Records from a data source
=== Section Start ===

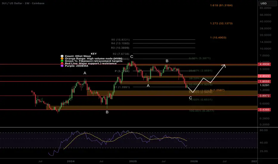 Price is falling below the S1 pivot, bringing up the next target of the golden pocket and High Volume Node. There is no weekly 200EMA. The series of macro ABC’s suggests upside targets may be limited to the R3 pivot.
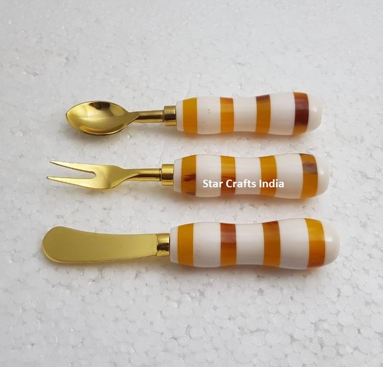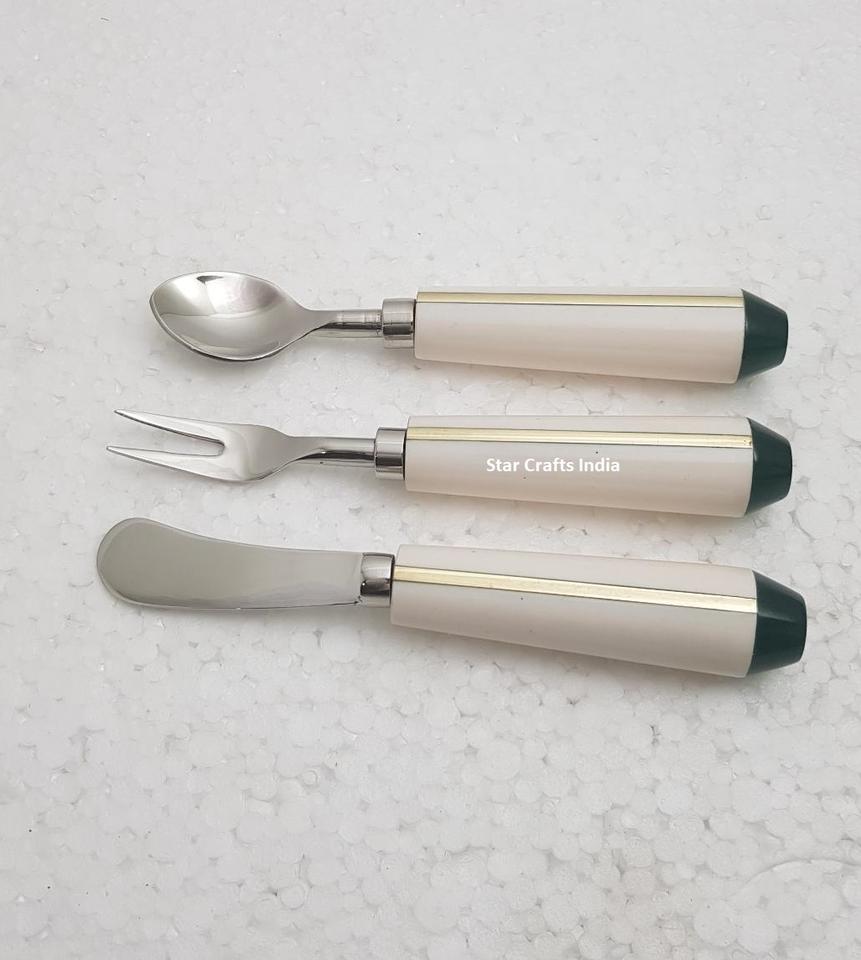 ชุดช้อนส้อมมีดรับประทานอาหารเย็น3ชิ้นชุดเครื่องใช้บนโต๊ะอาหาร18/8เกรดอาหารน่ารักทำจากเรซินและอาเกต
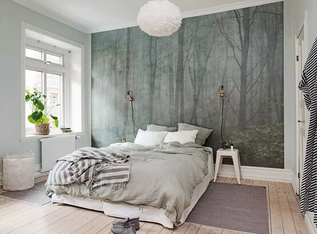 Вот так обои в спальне (какими бы они не были) будут дополнять, а может и в полной мере выражать скандинавский стиль в спальне. Это удобно, не правда ли?
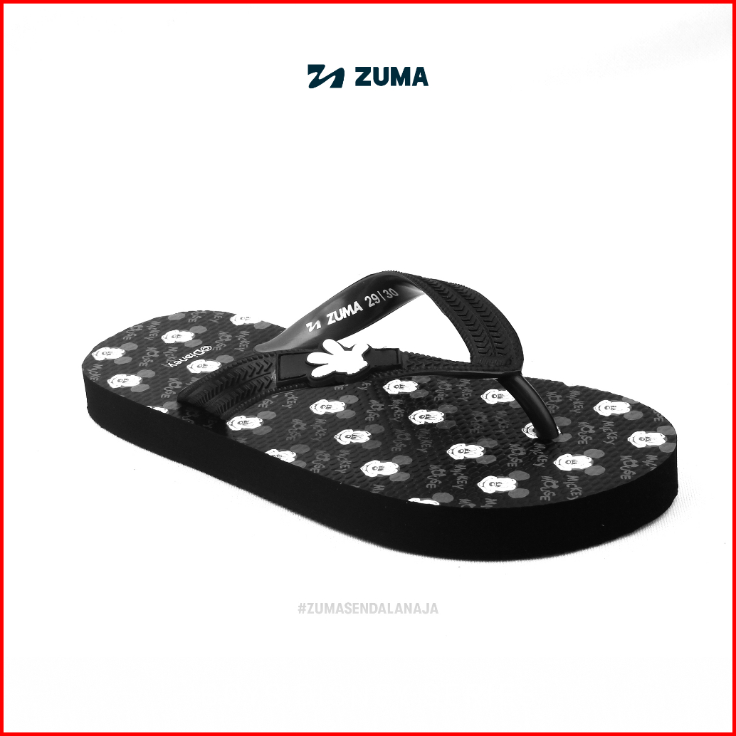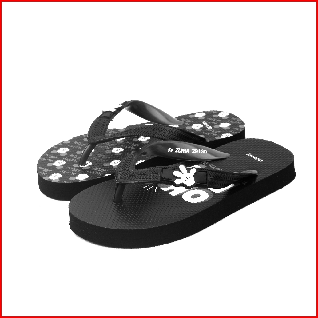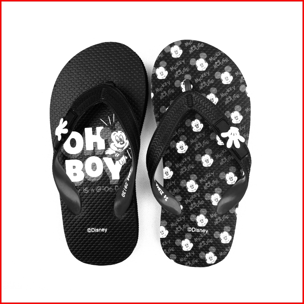 Zuma Kids Boys X Disney Mickey 1 Black Sandal Jepit Anak Laki-laki Karet Karakter Hitam
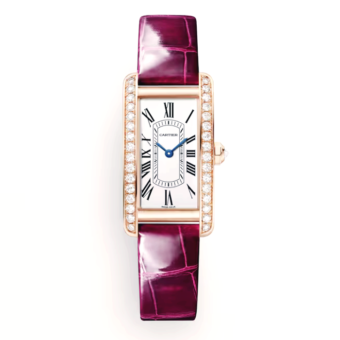 탱크 아메리칸 워치, small 모델, 쿼츠 무브먼트. 총 0.96캐럿의 브릴리언트 컷 다이아몬드 33개가 세팅된 750/1000 핑크 골드 케이스 및 각면 크라운. 새틴 브러시드 실버 마감 다이얼, 검 모양의 블루 스틸 핸즈, 사파이어 글래스. 샤이니 레드 앨리게이터 가죽 스트랩, 750/1000 핑크 골드 아르디옹 버클. 케이스 크기: 35.4mm x 19.4mm, 두께: 6.8mm. 3bar(약 30m) 방수.

=== Section End ===

TASK OBJECTIVE
Copy the entries character for character, excluding any pictures.

WRITTEN RESPONSE
 Price is falling below the S1 pivot, bringing up the next target of the golden pocket and High Volume Node. There is no weekly 200EMA. The series of macro ABC’s suggests upside targets may be limited to the R3 pivot.
 ชุดช้อนส้อมมีดรับประทานอาหารเย็น3ชิ้นชุดเครื่องใช้บนโต๊ะอาหาร18/8เกรดอาหารน่ารักทำจากเรซินและอาเกต
 Вот так обои в спальне (какими бы они не были) будут дополнять, а может и в полной мере выражать скандинавский стиль в спальне. Это удобно, не правда ли?
 Zuma Kids Boys X Disney Mickey 1 Black Sandal Jepit Anak Laki-laki Karet Karakter Hitam
 탱크 아메리칸 워치, small 모델, 쿼츠 무브먼트. 총 0.96캐럿의 브릴리언트 컷 다이아몬드 33개가 세팅된 750/1000 핑크 골드 케이스 및 각면 크라운. 새틴 브러시드 실버 마감 다이얼, 검 모양의 블루 스틸 핸즈, 사파이어 글래스. 샤이니 레드 앨리게이터 가죽 스트랩, 750/1000 핑크 골드 아르디옹 버클. 케이스 크기: 35.4mm x 19.4mm, 두께: 6.8mm. 3bar(약 30m) 방수.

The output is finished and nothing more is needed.